Extracted records:
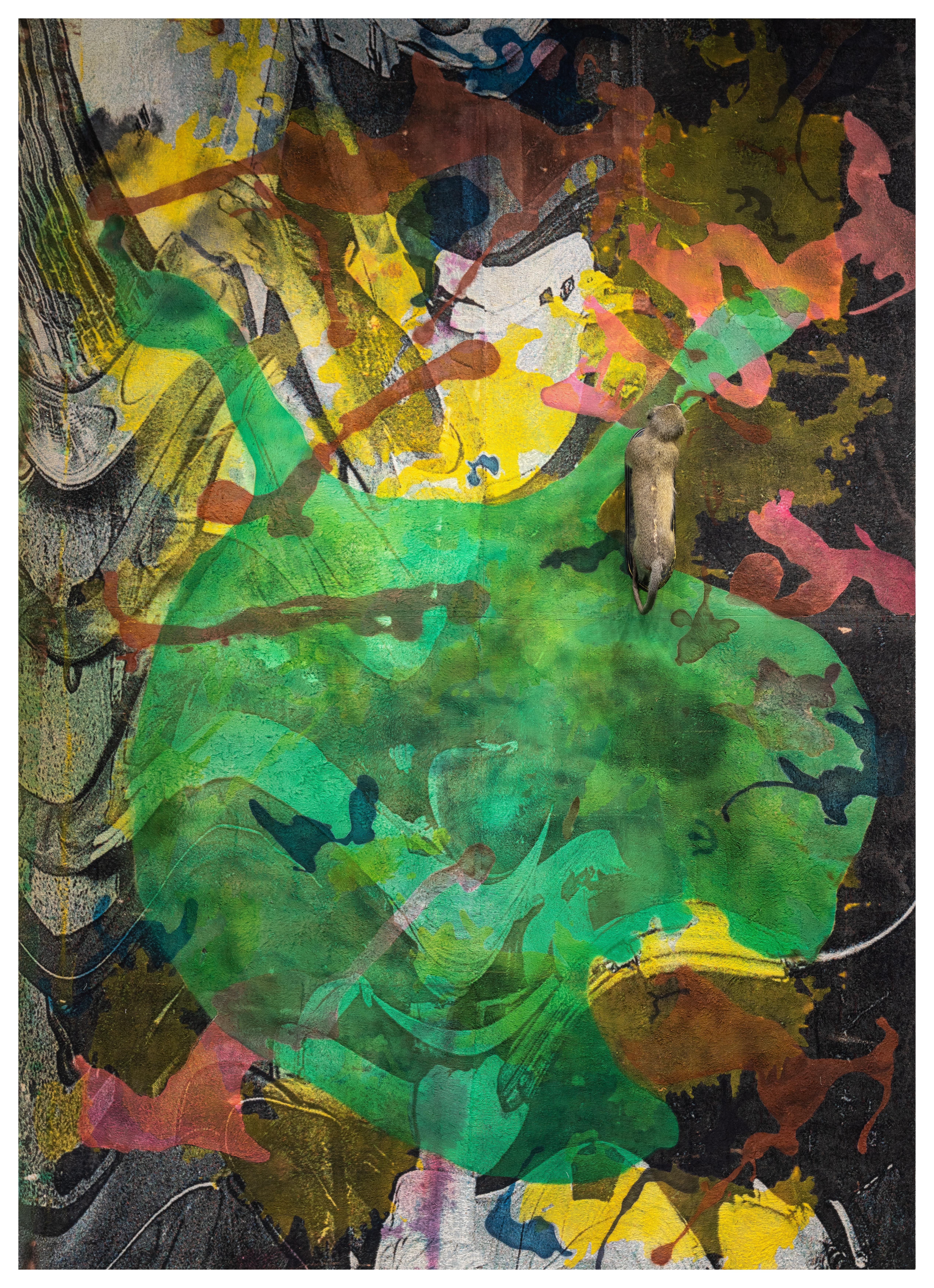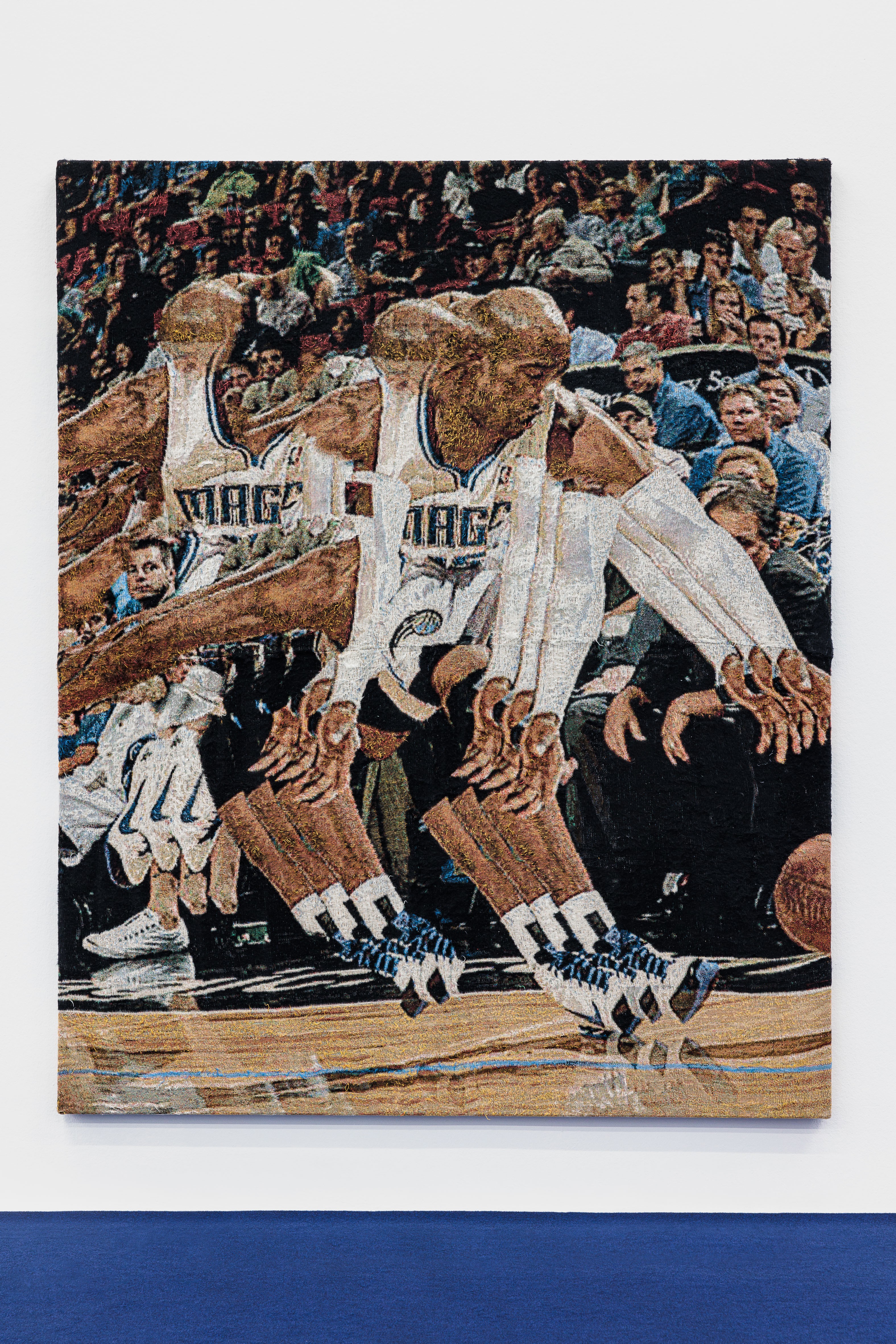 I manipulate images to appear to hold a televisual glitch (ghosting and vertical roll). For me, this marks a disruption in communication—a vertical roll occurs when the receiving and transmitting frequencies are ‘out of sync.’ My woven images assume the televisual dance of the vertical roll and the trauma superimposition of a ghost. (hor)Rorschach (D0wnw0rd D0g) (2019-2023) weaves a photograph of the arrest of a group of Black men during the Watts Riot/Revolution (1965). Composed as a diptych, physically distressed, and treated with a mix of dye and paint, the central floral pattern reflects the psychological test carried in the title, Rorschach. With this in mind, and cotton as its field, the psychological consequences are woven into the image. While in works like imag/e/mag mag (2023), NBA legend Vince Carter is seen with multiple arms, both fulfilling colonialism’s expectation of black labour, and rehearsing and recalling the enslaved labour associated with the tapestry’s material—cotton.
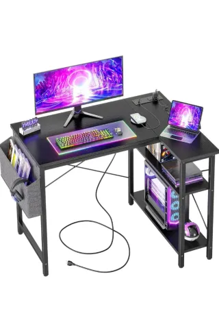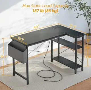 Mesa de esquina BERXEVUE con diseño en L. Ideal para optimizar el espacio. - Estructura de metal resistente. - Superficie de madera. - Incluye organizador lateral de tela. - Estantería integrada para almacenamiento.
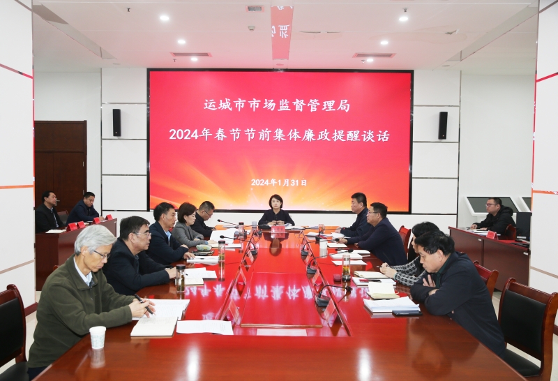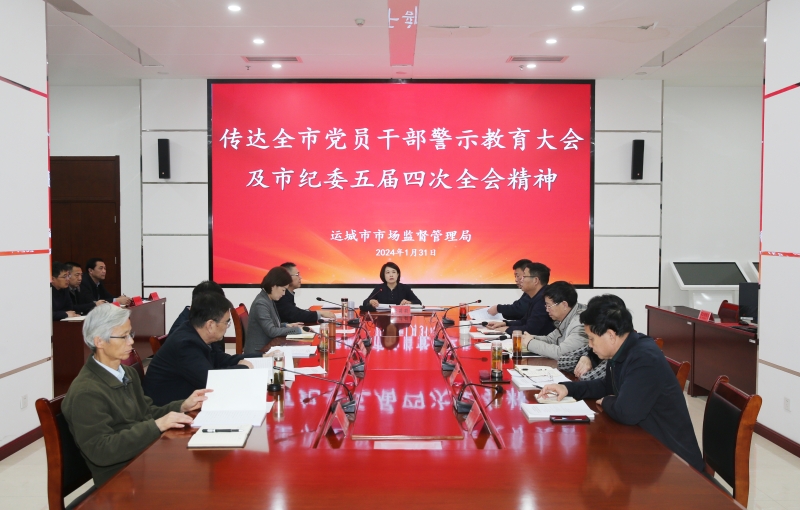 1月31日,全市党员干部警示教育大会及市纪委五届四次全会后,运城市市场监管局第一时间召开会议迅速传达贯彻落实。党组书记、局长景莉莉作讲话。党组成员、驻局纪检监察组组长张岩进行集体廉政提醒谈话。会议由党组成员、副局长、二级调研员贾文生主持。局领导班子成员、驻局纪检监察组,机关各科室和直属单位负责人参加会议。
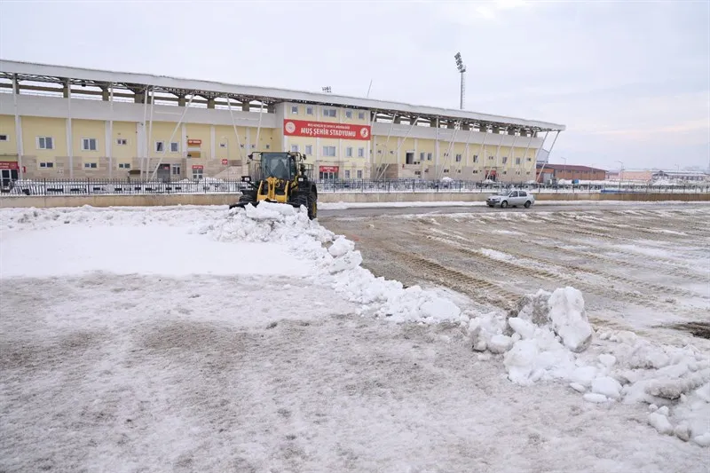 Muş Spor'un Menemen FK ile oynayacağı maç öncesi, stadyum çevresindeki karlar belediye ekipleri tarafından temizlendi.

--

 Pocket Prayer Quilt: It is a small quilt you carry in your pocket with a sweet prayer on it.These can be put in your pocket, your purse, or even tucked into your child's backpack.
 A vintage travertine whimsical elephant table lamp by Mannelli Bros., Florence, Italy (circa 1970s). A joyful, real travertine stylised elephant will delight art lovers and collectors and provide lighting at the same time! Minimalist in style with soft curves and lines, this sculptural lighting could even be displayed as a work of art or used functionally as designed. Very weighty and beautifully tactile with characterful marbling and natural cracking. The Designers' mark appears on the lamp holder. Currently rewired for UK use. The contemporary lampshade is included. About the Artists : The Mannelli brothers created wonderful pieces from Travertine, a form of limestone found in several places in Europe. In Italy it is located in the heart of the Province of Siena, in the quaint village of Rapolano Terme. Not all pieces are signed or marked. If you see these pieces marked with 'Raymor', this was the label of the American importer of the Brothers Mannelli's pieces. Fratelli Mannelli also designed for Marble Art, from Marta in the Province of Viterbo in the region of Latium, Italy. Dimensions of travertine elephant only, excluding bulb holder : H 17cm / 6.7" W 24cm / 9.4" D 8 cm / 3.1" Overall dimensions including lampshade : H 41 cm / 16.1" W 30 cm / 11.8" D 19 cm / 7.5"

* * *

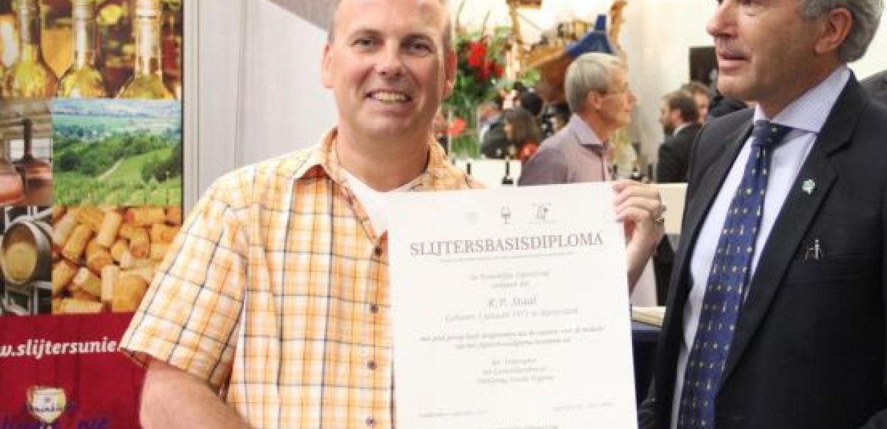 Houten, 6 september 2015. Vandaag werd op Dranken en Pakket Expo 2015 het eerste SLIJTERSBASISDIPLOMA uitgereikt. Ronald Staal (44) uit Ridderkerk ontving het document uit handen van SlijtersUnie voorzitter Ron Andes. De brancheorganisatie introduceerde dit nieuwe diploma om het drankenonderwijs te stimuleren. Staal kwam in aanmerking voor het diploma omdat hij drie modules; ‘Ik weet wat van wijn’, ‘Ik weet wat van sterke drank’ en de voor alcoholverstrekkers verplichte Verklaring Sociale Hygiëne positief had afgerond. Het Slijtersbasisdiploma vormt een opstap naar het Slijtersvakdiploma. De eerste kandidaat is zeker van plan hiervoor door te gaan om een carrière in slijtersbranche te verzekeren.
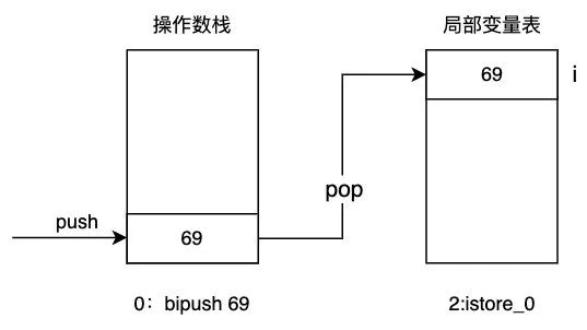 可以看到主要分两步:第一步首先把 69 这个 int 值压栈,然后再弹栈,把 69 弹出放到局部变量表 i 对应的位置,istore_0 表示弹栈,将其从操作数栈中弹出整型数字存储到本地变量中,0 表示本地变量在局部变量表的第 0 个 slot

Instructions for the task: Copy out exactly the material that runs from the line with "Mesa de esquina" to the line with "Muş Spor'un Menemen", ends included, and leave the pictures behind.

Written solution:
 Mesa de esquina BERXEVUE con diseño en L. Ideal para optimizar el espacio. - Estructura de metal resistente. - Superficie de madera. - Incluye organizador lateral de tela. - Estantería integrada para almacenamiento.
 1月31日,全市党员干部警示教育大会及市纪委五届四次全会后,运城市市场监管局第一时间召开会议迅速传达贯彻落实。党组书记、局长景莉莉作讲话。党组成员、驻局纪检监察组组长张岩进行集体廉政提醒谈话。会议由党组成员、副局长、二级调研员贾文生主持。局领导班子成员、驻局纪检监察组,机关各科室和直属单位负责人参加会议。
 Muş Spor'un Menemen FK ile oynayacağı maç öncesi, stadyum çevresindeki karlar belediye ekipleri tarafından temizlendi.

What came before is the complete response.